Stored data:

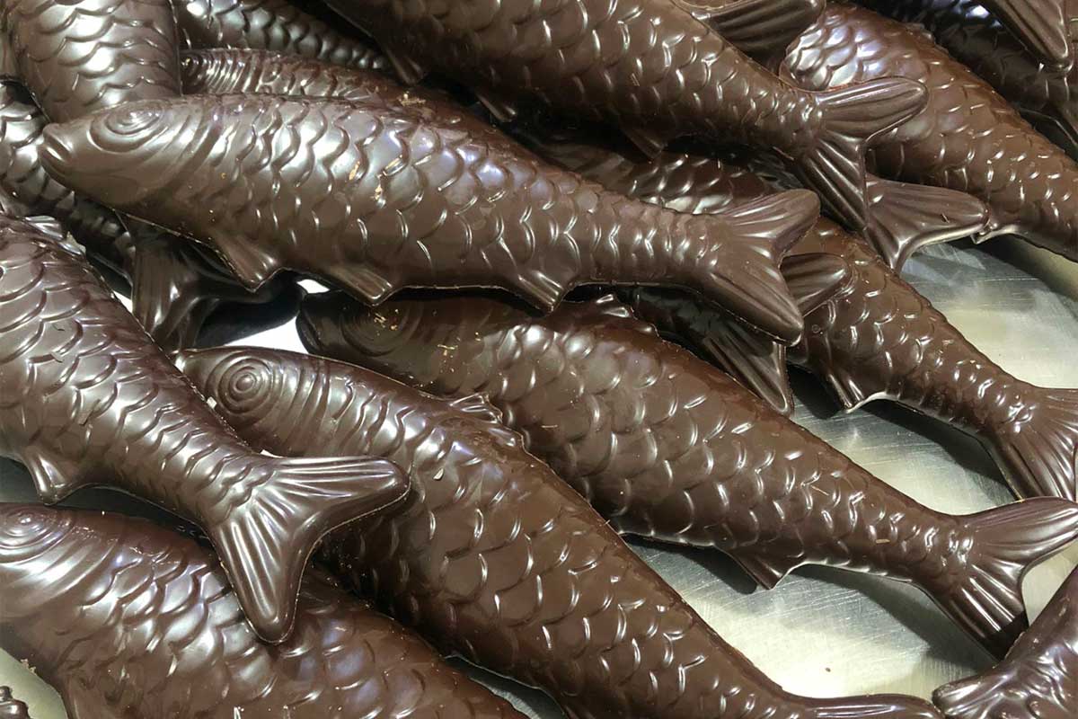 Alla vigilia della festa, le vetrine delle pasticcerie sono coloratissime, con i pesci di cioccolata al latte, bianca e fondente di ogni forma e dimensione, confezionati nella classica carta stagnola, dal rosso al verde, dal fucsia all’azzurro, oppure di marzapane: a Viterbo gli artigiani della Pasticceria Alba dei fratelli Fiorentini, della Pasticceria Primavera di Alvaro Gobattoni e della Pasticceria Garibaldi di Moreno e Marco Pierini sono maestri nell’arte del cioccolato. Si producono pesci anche a Canino, tra gli altri da Mar.Pan. Mentre Fabio Capponi della nota Cioccolateria Santori di Castiglione in Teverina garantisce la fornitura ad attività artigiane e commerciali di molti centri della Tuscia.
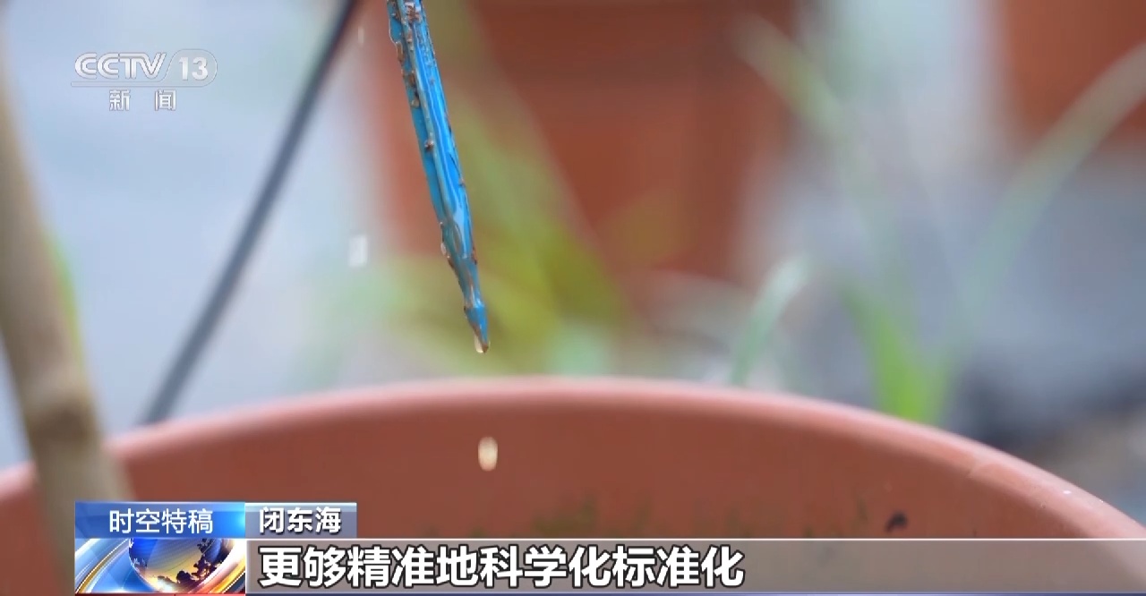 闭东海:我们这里面布有很多管,这就是我们水肥一体化的理念。通过这样小小的一根滴箭,能够精准地科学化、标准化把水和肥料输送到这盆茉莉花里面,不像以前我们传统的喷灌,很浪费。
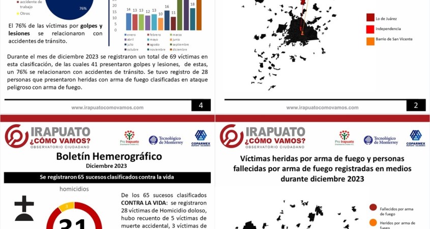 El Observatorio ciudadano Irapuato ¿Cómo vamos?, presenta el Reporte hemerográfico al mes de diciembre 2023.
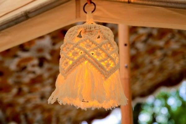 キャンプシーンに飾れば、空間の雰囲気を華やかに演出するマクラメ編みランタンシェード。

What this task involves: Repeat the data exactly as given. Keep every picture out of the copy.

Written response:
 Alla vigilia della festa, le vetrine delle pasticcerie sono coloratissime, con i pesci di cioccolata al latte, bianca e fondente di ogni forma e dimensione, confezionati nella classica carta stagnola, dal rosso al verde, dal fucsia all’azzurro, oppure di marzapane: a Viterbo gli artigiani della Pasticceria Alba dei fratelli Fiorentini, della Pasticceria Primavera di Alvaro Gobattoni e della Pasticceria Garibaldi di Moreno e Marco Pierini sono maestri nell’arte del cioccolato. Si producono pesci anche a Canino, tra gli altri da Mar.Pan. Mentre Fabio Capponi della nota Cioccolateria Santori di Castiglione in Teverina garantisce la fornitura ad attività artigiane e commerciali di molti centri della Tuscia.
 闭东海:我们这里面布有很多管,这就是我们水肥一体化的理念。通过这样小小的一根滴箭,能够精准地科学化、标准化把水和肥料输送到这盆茉莉花里面,不像以前我们传统的喷灌,很浪费。
 El Observatorio ciudadano Irapuato ¿Cómo vamos?, presenta el Reporte hemerográfico al mes de diciembre 2023.
 キャンプシーンに飾れば、空間の雰囲気を華やかに演出するマクラメ編みランタンシェード。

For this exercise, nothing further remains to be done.